Primeiro, dizem os dois
que «não estão dentro do processo, que não sabem se Lula da Silva é ou
não culpado e que vão aguardar que a justiça brasileira se pronuncie».
Nesta última parte da afirmação está obviamente implícito que os recursos ainda
não esgotaram a matéria de facto e que é ainda possível que uma última
instância dê os factos como não provados ou que conclua pela inocência do ex-presidente.
Pois bem, há já duas sentenças que dão os factos como provados e que condenam
Lula da Silva à pena de prisão. A segunda sentença, em resultado de recurso
apresentado sobre a primeira, agrava mesmo em dois anos a medida da pena
anteriormente aplicada. Por outro lado, o recurso para a última instância já
não poderá alterar matéria de facto, cuja prova está feita e a decisão de
culpabilidade decretada, mas somente matéria de direito, isto é, dizendo de uma
forma elementar, avaliará se o direito decretado para os factos anteriormente
comprovados está bem ou mal determinado.
Segundo, «este
julgamento é político», afirmaram os dois, de tal modo político é que,
disse Coelho, os juízes que ontem se pronunciaram foram nomeados, se calhar,
por presidentes desafetos ao petista. Pois bem, 5 dos 6
juízes que votaram contra a concessão do habeas corpus a
Lula foram nomeados por governos do PT, o partido de Lula da Silva.
Terceiro, «os
juízes condenaram ontem Lula à pena de prisão», foi sendo dito nas várias
intervenções. Pois bem, e no seguimento do que já foi dito sobre o estado da
matéria de facto, ontem os juízes do Supremo em momento algum se pronunciaram
sobre o mérito das decisões das duas instâncias que já julgaram o processo:
limitaram-se a decidir sobre o pedido de habeas corpus aplicado
a este caso. Explicando melhor: tratou-se de decidir se a prisão pode ser
decretada havendo duas sentenças de duas instâncias diferentes no mesmo
processo, com idêntica decisão («dupla conforme»), ou se devem deixar esgotar-se
todos os recursos para se decretar a prisão. Note-se que, nesta fase do
processo, os recursos já não poderão incidir sobre os factos, que estão
considerados, neste processo, provados. Os juízes entenderam que sim, indo, de
resto, ao encontro da jurisprudência do tribunal, que já decidira do
mesmo modo em casos semelhantes.

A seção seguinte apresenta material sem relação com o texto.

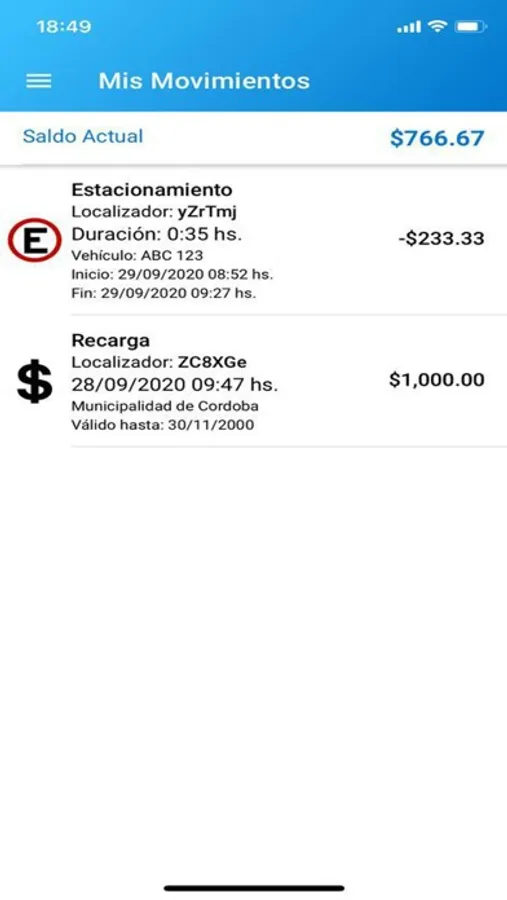 Desde la app, un usuario registrado puede consultar el histórico de sus movimientos:

Decisão contrária, que fosse favorável à
pretensão de Lula, seria, assim, uma excepção à tendência das decisões deste
tribunal para casos semelhantes proferidas nos últimos anos. Foi isso mesmo que
foi dito pela juíza Rosa Weber, nomeada juíza deste tribunal por Dilma Rousseff,
em 2011, para explicar o sentido do seu voto de ontem, contrário à concessão
do habeas corpus e, aliás, contrário às suas convicções
pessoais, como ela mesmo enfatizou. De resto, aliás, se a decisão fosse
diferente, isto é, se coincidisse com as pretensões do ex-presidente Lula,
outros detidos, como Eduardo Cunha, teriam necessariamente que beneficiar do
novo sentido jurisprudencial da Corte.
Enfim, serão Pacheco e Coelho
inocentes ou culpados dos disparates que dizem? O veredicto não é fácil.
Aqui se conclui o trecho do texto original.